Из происходящего у соседей они извлекли правильный урок и запустили демократизацию сами, не дожидаясь пока прижмёт. В результата им удалось заключить с оппозицией соглашение и добиться приемлемых для себя условий — чисток не было, а тоталитарное прошлое было просто предано забвению — без ревизии и поиска виновных.
Очень важным фактором стало то, что франкистам до последнего удавалось сохранить лояльность армии. В этом смысле режим представлял из себя серьёзную силу и игнорировать переговоры с ним оппозиция не могла. В Португалии же разговаривать с уходящим правительством оппозиции было незачем, поскольку военные первыми от него отвернулись. Причина различий заключалась именно в адекватности — Франко хватило ума спокойно уйти из требовавших независимости африканских колоний и ни в какие новые авантюры не влезать, в то время как его португальские коллеги вели с ангольскими, мозамбикскими и гвинейскими партизанами затяжные войны. Именно недовольство ими и привело военных к пониманию того, что режим безнадёжен.

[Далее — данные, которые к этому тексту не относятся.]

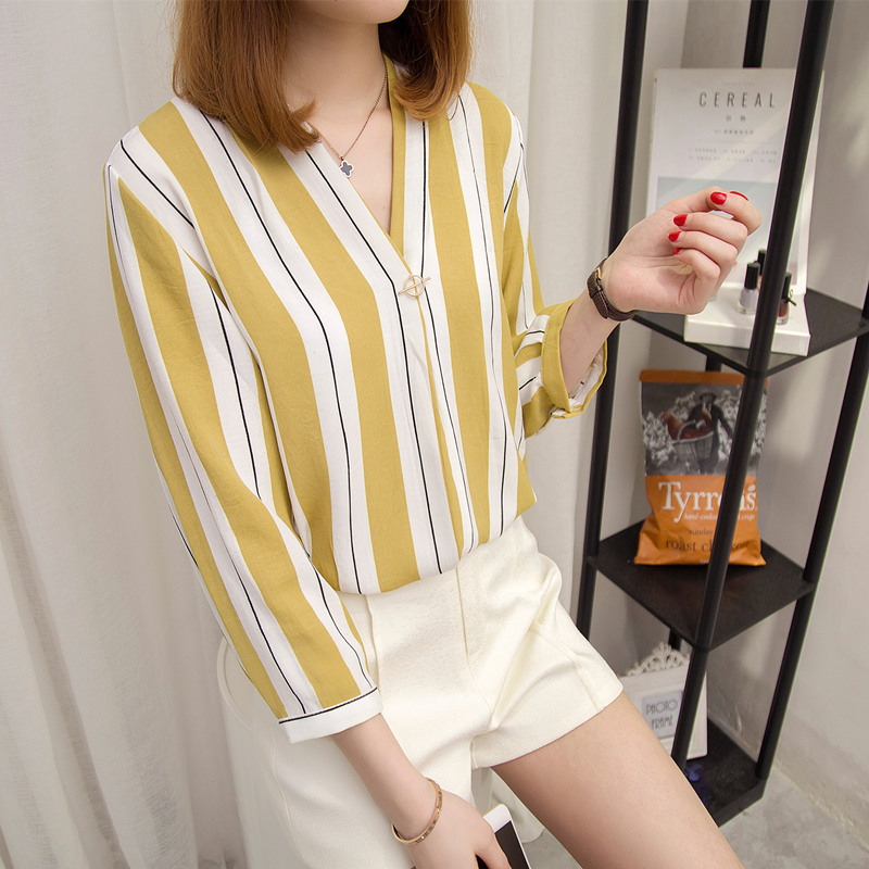 / 條紋襯衫女V領韓風chic小清新上衣白襯衣女長袖夏裝新款韓范

Немаловажным отличием стало то, что португальская оппозиция, возглавляемая коммунистами, была настроена очень радикально, в то время как их испанские коллеги являлись сторонниками умеренного «еврокоммунизма» и делали ставку не на восстание, а на мирный переход к демократии. В этом смысле компартия Португалии послужила сильным раздражающим фактором для правых консерваторов и смогла мобилизовать тех на попытку контрпутча, в то время как коммунисты Испании не так сильно пугали своих противников и не являлись для последних столь мощным консолидирующим фактором.
В целом, именно коммунисты стали в Португалии главным генератором требования чистки аппарата от представителей павшего режима. За полтора года было уволено около 20 тысяч человек. Происходило это все достаточно децентрализовано и хаотично, в зависимости от темперамента того министра, который возглавил конкретное ведомство, и степени радикальности профильного профсоюза. Министерство образования, например, выгнало на улицу всех университетских деканов и всех руководителей факультетов, а студенты вообще запретили некоторым из них появляться на территории университетских городков. В изгнание отправились и многочисленные представители экономической элиты страны.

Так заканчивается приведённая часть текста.